======== Provided information

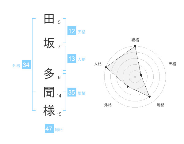 田坂 多聞様さんの総格は47画の5点!
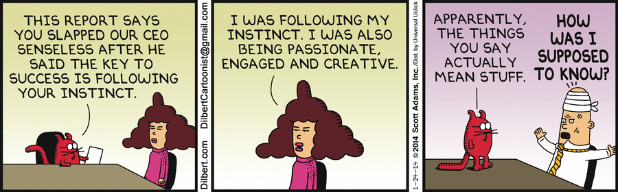 Catbert: Apparently the things you say actually mean stuff. CEO: How
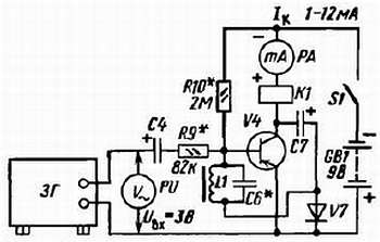 Налаживание приемника начинай с проверки работы фильтров СЭР дешифратора. Сначала проверь фильтр СЭР первого, затем второго канала управления. На вход селективного электронного реле СЭР1 через электролитический конденсатор С4, предварительно отпаяв его от резистора R7 и поменяв полярность его включения, подай от звукового генератора сигнал напряжением 3 В, а в коллекторную цепь транзистора V4 включи миллиамперметр РА на ток 20–30 мА (рис. 348).
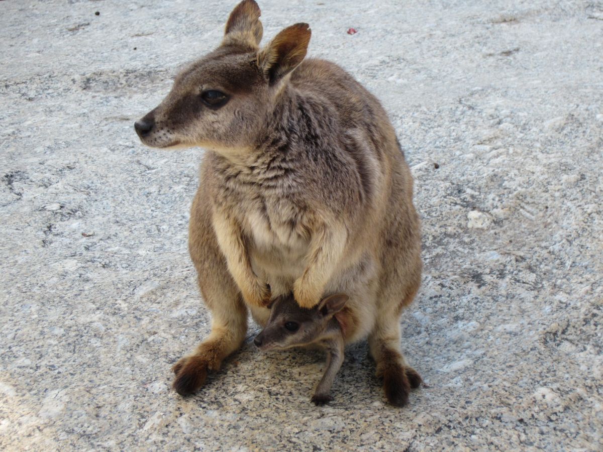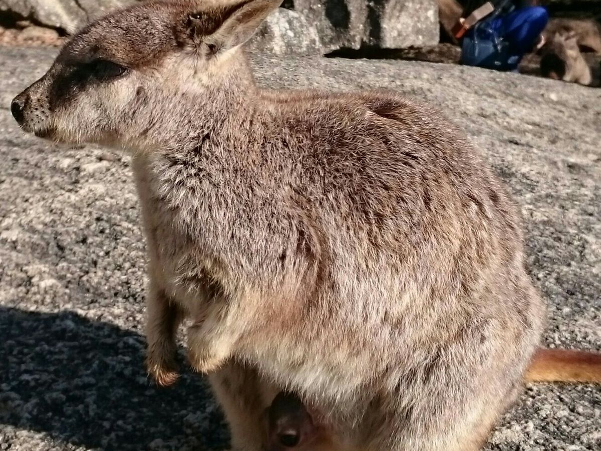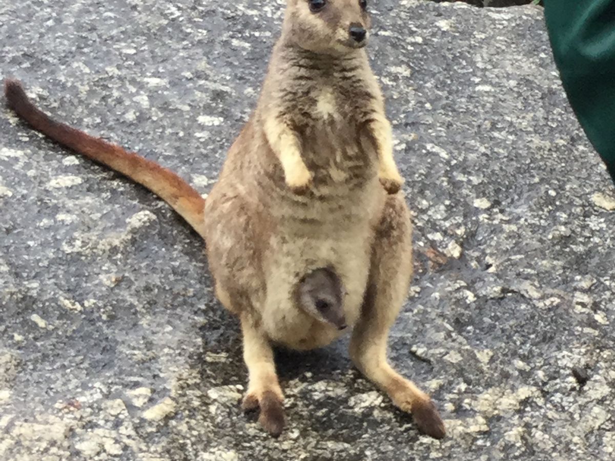 お腹に赤ちゃんのいるロックワラビーも見られました。
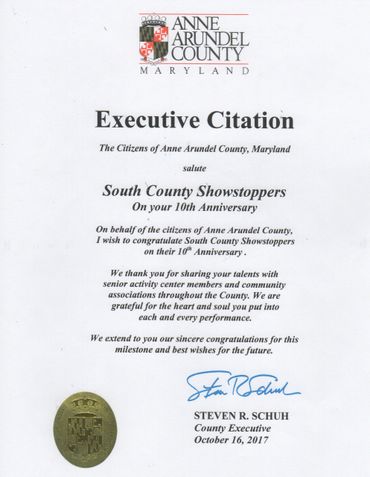 County Executive, Steven Schuh and the citizens of Anne Arundel County, congratulate the South County ShowStoppers on their 10th Anniversary. We thank you for sharing your talents with senior activity center members and community associations throughout the County. We are grateful for the heart and soul you put into each and every performance.
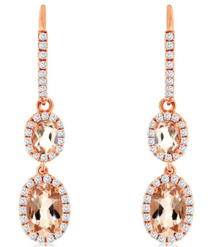 14KT ROSE GOLD LEVERBACK HANGING EARRINGS. 3D DOUBLE FLOWER DESIGN. ROUND DIAMONDS ARE F/G COLOR, VSSI CLARITY .30 CARATS. AAA EXTRA FACETED OVAL MORGANITES ARE 1.15 CARATS. WRITTEN APPRAISAL AVAILABLE. COMES IN A PRESENTABLE GIFT BOX.
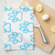 Blue Neon Dog Paw Print Pattern Kitchen Towel
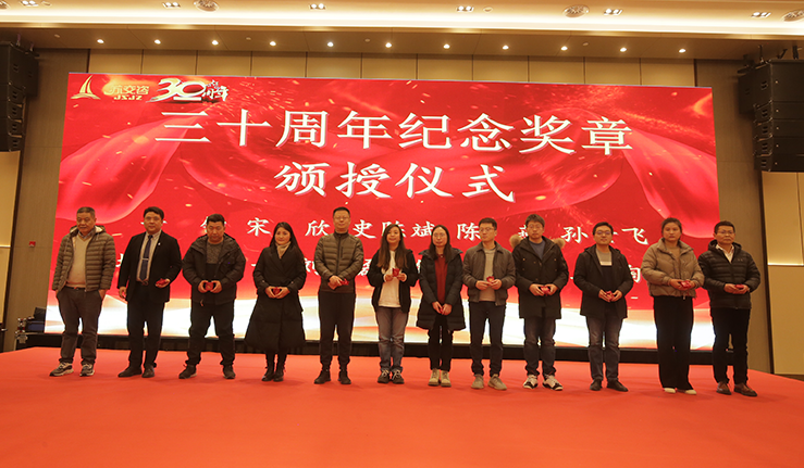 為紀(jì)念“江蘇交通工程投資咨詢有限公司”成立30周年。公司以純金制作的“蘇交咨30周年紀(jì)念章”為載體,對加入“蘇交咨”的員工予以表彰。公司創(chuàng)始人張申林向滿一定年限的員工現(xiàn)場頒發(fā)了紀(jì)念獎?wù),并致以美好的祝愿?/span>
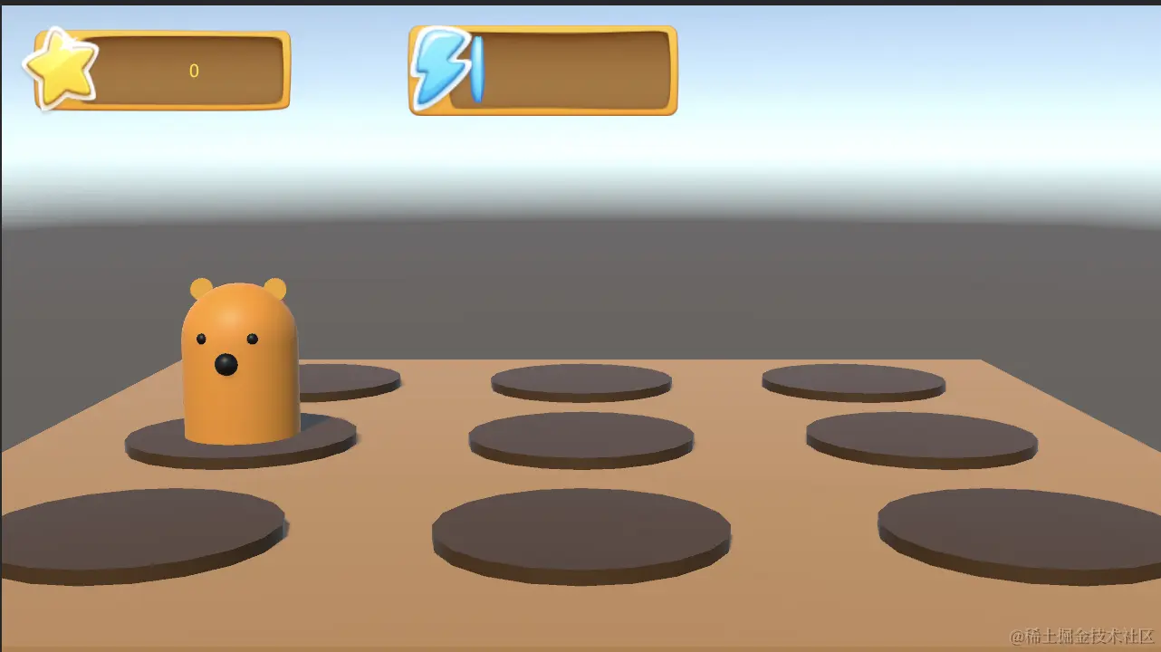 在最后对地鼠洞口与地鼠位置进行对齐时,需要适当对摄像机属性进行调整。如果在Game游戏窗口看不到物体画面时,可以适当调整物体位置属性。
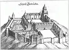 Johann Andreae, the chronicler of the Counts of Nassau-Saarbrücken, reports that Count Philip IV built a summer residence in Saarbrücken and provides a sketch of appearance of the medieval castle. It had a trapezoid-shaped inner court, surrounded by buildings of different widths. There was a tower on the western side. The bailey on the Saar side was enclosed on the northwest and southeast by buildings.[4] The summer house had been designed by architect Christmann Stromeyer from the Electorate of the Palatinate and stood on the southeastern edge of the cliff .[5] The castle was surrounded in the north-east by the Saar Rocks and the river Saar, on the east by a ditch and on the south and southwest by the bulwark and a moat. The entrance was the drawbridge opposite the large tower. At the southern end of the garden was a red tower[6] and at the northern corner a small round tower.[4]
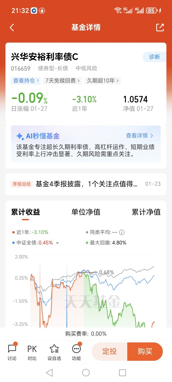 #晒2025收益,启2026新程!# 去年初,我还在为股市的起伏焦虑,直到朋友推荐了兴华安裕利率债C。看到基金历史业绩,成立两年多累计收益超15%,波动率不到3%,我决定试试。基金经理李静文反复强调“骑乘策略”和“预期差操作”,当时不太懂,后来才明白这是通过分析利率曲线形态和捕捉市场预期变化来增厚收益。记得年中市场利率突然上行,我的账户连续三天微跌,吓得赶紧查资料,结果发现基金经理早已提前减仓长债,换成了短久期品种,净值很快企稳回升。这次经历让我学到:债基不是“躺赚”,更需要基金经理的专业研判。这一年,我逐渐养成了定期检视账户的习惯。发现兴华安裕的票息收入每月稳定到账,加上波段操作的资本利得,全年收益达到4.2%,远超我的预期。现在,我的理财目标更清晰了:一是用工资定投兴华安裕C,积少成多;二是学习债券知识,比如研究利率周期和货币政策,不再盲目跟风;三是探索“债基+货币基金”的组合,在保证流动性的同时提升收益。最近看到央行宣布2026年继续宽松政策,我更加坚信利率债的长期价值。理财路上难免有风雨,但只要选对方向,每一步都是向更好的自己靠近。2026年我将继续秉承长期主义,不追逐热点,而是通过多元、均衡的配置,让投资组合更健康、更具韧性,稳步驶向财富增长的彼岸。

================

--- Action item ---
Each line from the top of the records through the one containing "お腹に赤ちゃんのいるロックワラビーも見られました。" needs to be transcribed exactly, without pictures.

--- Written solution ---
 田坂 多聞様さんの総格は47画の5点!
 Catbert: Apparently the things you say actually mean stuff. CEO: How
 Налаживание приемника начинай с проверки работы фильтров СЭР дешифратора. Сначала проверь фильтр СЭР первого, затем второго канала управления. На вход селективного электронного реле СЭР1 через электролитический конденсатор С4, предварительно отпаяв его от резистора R7 и поменяв полярность его включения, подай от звукового генератора сигнал напряжением 3 В, а в коллекторную цепь транзистора V4 включи миллиамперметр РА на ток 20–30 мА (рис. 348).
 お腹に赤ちゃんのいるロックワラビーも見られました。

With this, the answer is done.